Representative results from screening of Aspergillus fumigatus isolates of MAT1‐1 (18‐C6‐9) or MAT1‐2 (G2‐2) type screened against the new MAT‐specific LAMP assays. Shown are (A) amplification plots and (B) dissociation plots. See base of figure for explanatory legend. No‐template (water) controls also gave negative results (data not shown)

DISCUSSION

This study reports the first use of LAMP technology to establish the mating‐type identity for a fungus, rapidly (within 20 minutes), as demonstrated here for isolates of A fumigatus. The MAT1‐1 and MAT1‐2‐specific LAMP assays appeared robust, being successfully applied to isolates of known opposite MAT type from a diverse range of clinical and environmental sources (air, food, plant and soil) and geographic locations (Africa, Asia, Europe and North and South America). These assays will be of use in research into the applied biology of this important human opportunistic pathogen. For example, they will allow the rapid set‐up of sexual crosses with isolates of known opposite MAT type, subsequent analysis of the MAT type inheritance of the progeny, and through progeny analysis the determination of the genetic basis of traits such as antifungal resistance and virulence.

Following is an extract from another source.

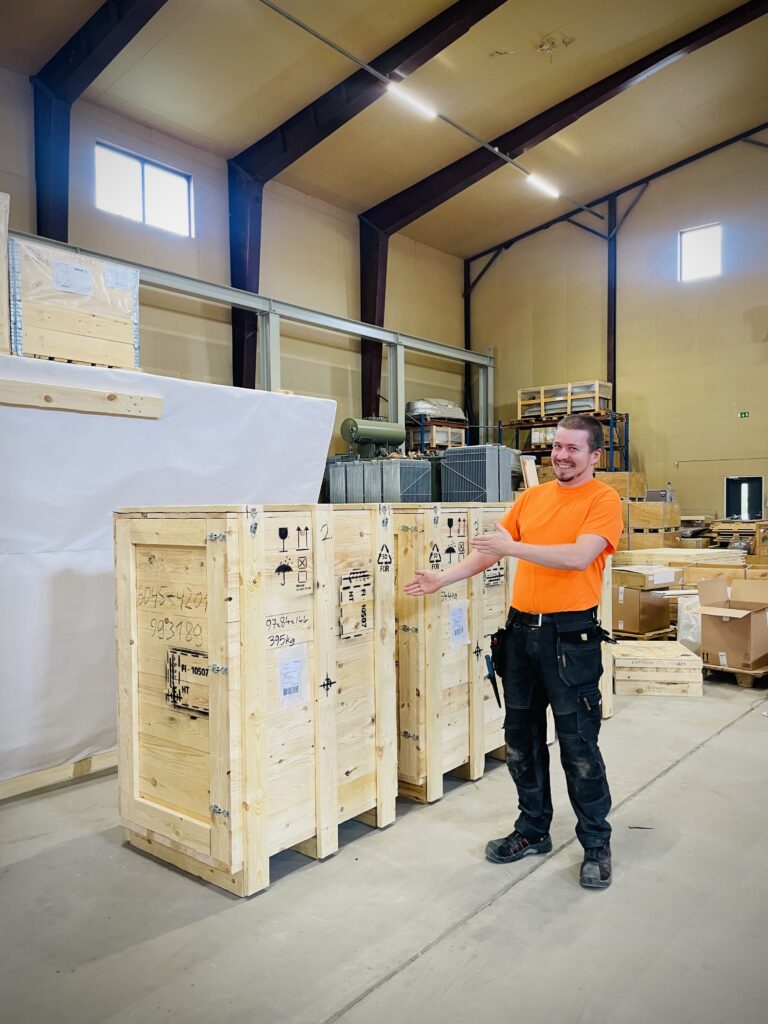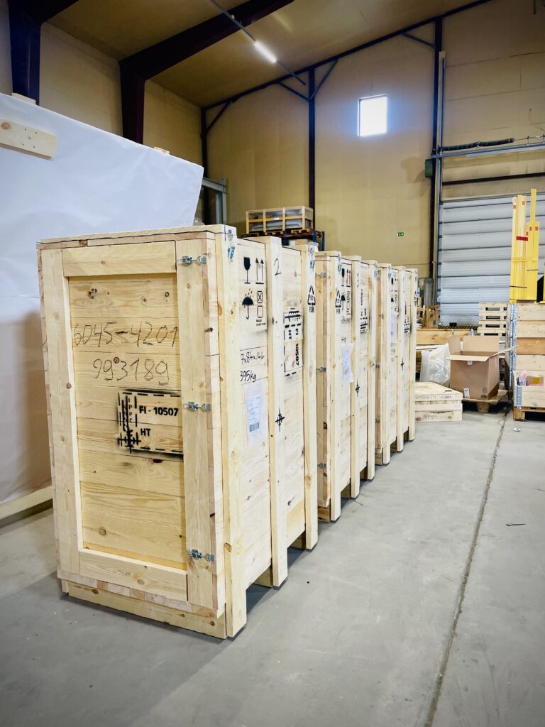 Tällä kertaa asiakkaan tarpeisiin on vastattu laatikkosarjalla, jossa linkuilla suljetaan etuseinä. Näin sisällä oleva tuote voidaan huoltaa määränpäässä, laittaa etuseinä yksinkertaisesti uudelleen kiinni, ja lähettää tuote huollettuna takaisin Suomeen käyttöön. Tarvittaessa voidaan suojata tuote lukoillakin.

It should now be possible to develop similar LAMP assays targeting MAT gene sequences to allow rapid mating‐type determination in other heterothallic fungi of medical [eg, Aspergillus lentulus—another causal agent of human aspergillosis10], agricultural [eg, Zymoseptoria tritici—cause of wheat Septoria leaf blotch11], environmental [eg, Hymenoscyphus fraxineus—cause of ash dieback12] and industrial [eg, Penicillium chrysogenum—used in penicillin production13] importance. Such assays could also provide a better understanding into the reproductive strategies of various fungal pathogens, providing insight into their evolutionary potential and possible risk of breakdown of disease management strategies.14 Furthermore, they could also be used to indirectly assess possible cryptic sexuality in fungi for which no sexual stage is yet known, given that frequency dependent selection operating on MAT genes generally, although not always, results in a 1:1 distribution of mating types.5, 14

CONFLICT OF INTEREST

No conflict of interest is declared.

AUTHOR CONTRIBUTIONS

KMK, NJH, PSD, JSW and BAF conceived the ideas; KMK and SA collected the data; KMK analysed the data; KMK led the writing; all authors critically reviewed the manuscript prior to submission.